**DATASET EXCERPT**
════════
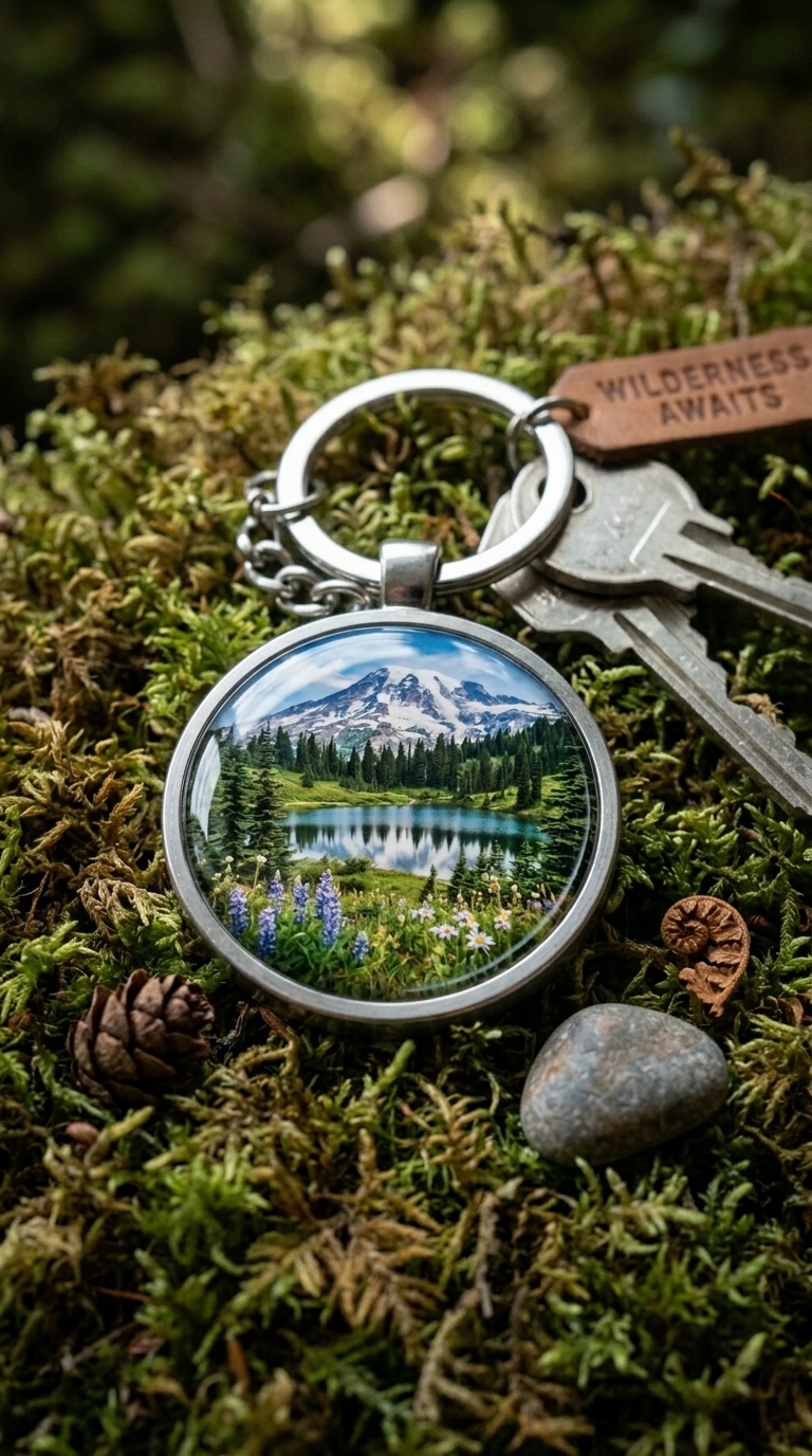 미지의 세계로 떠나는 설렘을 담은 키링입니다. 고요한 호수에 비친 웅장한 산과 푸른 들꽃이 신비로운 분위기를 자아냅니다. 영롱한 빛깔의 풍경 이미지가 시선을 사로잡습니다. 섬세한 그림체와 깊이감 있는 색감이 자연의 아름다움을 그대로 담았습니다. 일상에 지친 당신에게 자연 속 모험을 선물하세요. 캠핑, 등산 등 아웃도어 활동을 즐기는 분들께 완벽한 아이템입니다. "WILDERNESS AWAITS" 문구가 새겨진 가죽 참이 함께 제공됩니다. 이국적인 풍경 이미지가 당신의 소지품에 특별함을 더합니다. 어떤 소재로 제작되었나요? 튼튼한 금속 소재와 투명한 돔이 사용되어 오랫동안 아름다움을 유지합니다.
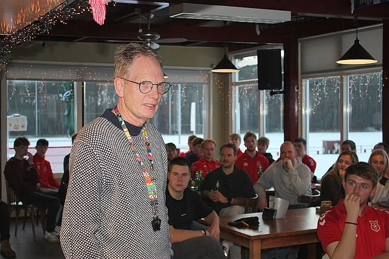 Inmiddels zit de kantine vol en kan de voorzitter Eddie zijn speech kwijt. Het afgelopen seizoen wordt doorgenomen. Niet alleen de resultaten van het eerste maar ook de huidige rijzende ster; het tweede. Natuurlijk ook de opkomst van de Dames die dit jaar vol enthousiasme met hun competitie zijn begonnen en volop trainen.
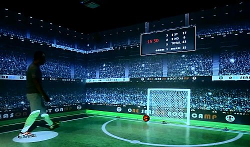 隨著人們對健康的要求不斷提高,越來越多的人開始走進(jìn)健身房,通過健身來進(jìn)行減肥、提高體能等訓(xùn)練。跑步機(jī)、啞鈴、劃船機(jī)等器械幾乎是每間傳統(tǒng)健身房的標(biāo)配,而在壹季體能訓(xùn)練營沉浸式互動健身房中,健身愛好者可以在15米*6米的小空間內(nèi)進(jìn)行足球射門、籃球投籃、羽毛球擊打等多種在傳統(tǒng)健身房中難以想象的體能訓(xùn)練。而更讓人驚訝的是,所有訓(xùn)練僅憑十臺投影機(jī)就可輕松實(shí)現(xiàn)。
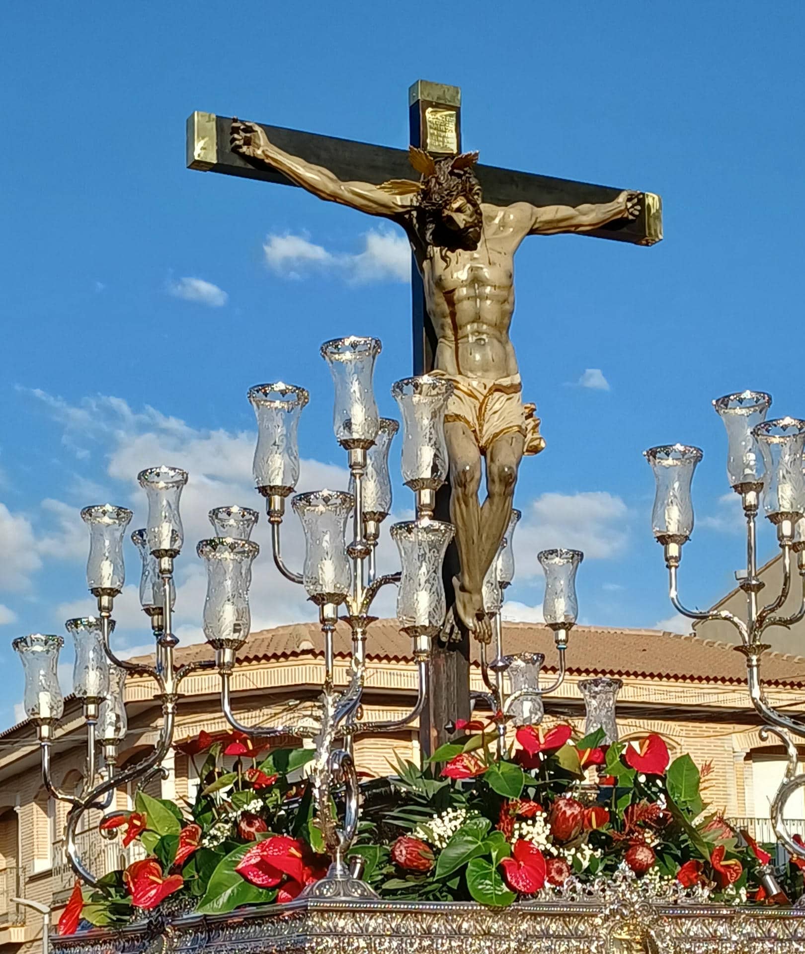 El día 25, en peregrinación, desde la ermita, bajan a la Virgen hasta la entrada del pueblo donde sale a recibirla el Cristo de la Vera Cruz que junto a Santa Ana acompañan a María, con sus grandes orquestas, hasta la Iglesia donde permanecerá todo el mes.
════════
**TASK TO CARRY OUT**
Pick up at the line containing "隨著人們對健康的要求不斷提高" and copy each line exactly until the data ends, including that last line; copy no pictures.

**RESULT OF THIS TASK**
 隨著人們對健康的要求不斷提高,越來越多的人開始走進(jìn)健身房,通過健身來進(jìn)行減肥、提高體能等訓(xùn)練。跑步機(jī)、啞鈴、劃船機(jī)等器械幾乎是每間傳統(tǒng)健身房的標(biāo)配,而在壹季體能訓(xùn)練營沉浸式互動健身房中,健身愛好者可以在15米*6米的小空間內(nèi)進(jìn)行足球射門、籃球投籃、羽毛球擊打等多種在傳統(tǒng)健身房中難以想象的體能訓(xùn)練。而更讓人驚訝的是,所有訓(xùn)練僅憑十臺投影機(jī)就可輕松實(shí)現(xiàn)。
 El día 25, en peregrinación, desde la ermita, bajan a la Virgen hasta la entrada del pueblo donde sale a recibirla el Cristo de la Vera Cruz que junto a Santa Ana acompañan a María, con sus grandes orquestas, hasta la Iglesia donde permanecerá todo el mes.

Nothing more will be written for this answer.